Example 2: Analysis of use of fillers in spontaneous speech in French
Population: All the speakers of French.
Sample: A set of French speakers (for unbiased sample you need randomization)
When we select a sample of the population, we want that sample to be unbiased. For example, if we are interesting in knowing what is the tendency in the income of families residing in Toronto and we allow for voluntary participation, probably only families with high income will answer the survey, and the sampling will, thus, be biased.
Random sampling: When we select samples of the population, we want to make sure that each unit has approximately an equal chance of being represented in the sample.
A. The population is all L2 Catalan speakers, and the sample is the 10 participants that Maria studied.
B. The sample is all L2 Catalan speakers, and the population is the 5 speakers of the with low proficiency that Maria studied.
C. The sample is all L2 Catalan speakers, and the population is the 10 participants that Maria studied.
D. The population is all L2 Catalan speakers, and the sample is the 5 speakers of high proficiency that Maria studied.
Now we have distinguished between populations and samples. It is also important to note that the number that we obtain from measuring the sample statistic will be used to estimate the population parameter.
Statistic: number that represents a property of the sample.
Parameter: property of the population (Greek letters are used for parameters).
Name and description | Statistics | Parameter |
---|---|---|
Mean | \(\bar{x}\) (sum of the variable in the sample divided by the size of the sample) \(\frac{\sum_{i\in S} x_i}{|S|}\) | \(\mu\) (sum of the variable in the population divided by the size of the population) \(\frac{\sum_{i\in P} x_i}{|P|}\) |
Variance | \(s^2\) (average square distance from the variable’s average from the mean divided by the size of the sample -1) \(\frac{\sum_{i\in S} (x_i-\bar{x})^2}{|S|-1}\) | \(\sigma^2\) (average square distance of the variable from the mean divided by the size of the population) \(\frac{\sum_{i\in P} (x_i-\mu)^2}{|P|}\) |
Standard deviation | \(s\) (“the average distance from the sample mean”) \(\sqrt{s^2}\) | \(\sigma\) (“the average distance from the population mean”) \(\sqrt{\sigma^2}\) |
An important question to ask is: How accurately does a statistic estimate a parameter?

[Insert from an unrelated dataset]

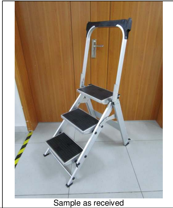
Sample as received

Example. Determine what the key terms refer to in the following study. We want to know the average (mean) amount of words per utterance produced in Spanish by toddlers enrolled in a Spanish immersion program (100 students enrolled). We randomly examined speech of 10 toddlers. Three of those toddlers produced 2, 3, and 4 words per utternace respectively.
Population: The population is all toddlers enrolled in the program.
Sample: The sample could be the random selection of 10 toddlers.
Parameter average (mean) amount of words per utterance produced by all the toddlers enrolled in the Spanish immersion program \(\mu\).
Statistics The statistic is the average (mean) amount of words per utterance of toddlers in the sample \(\bar{x}\).
Descriptive statistics: measurements to describe basic features of a data set by generating summaries about data samples (distribution, tendency, variance)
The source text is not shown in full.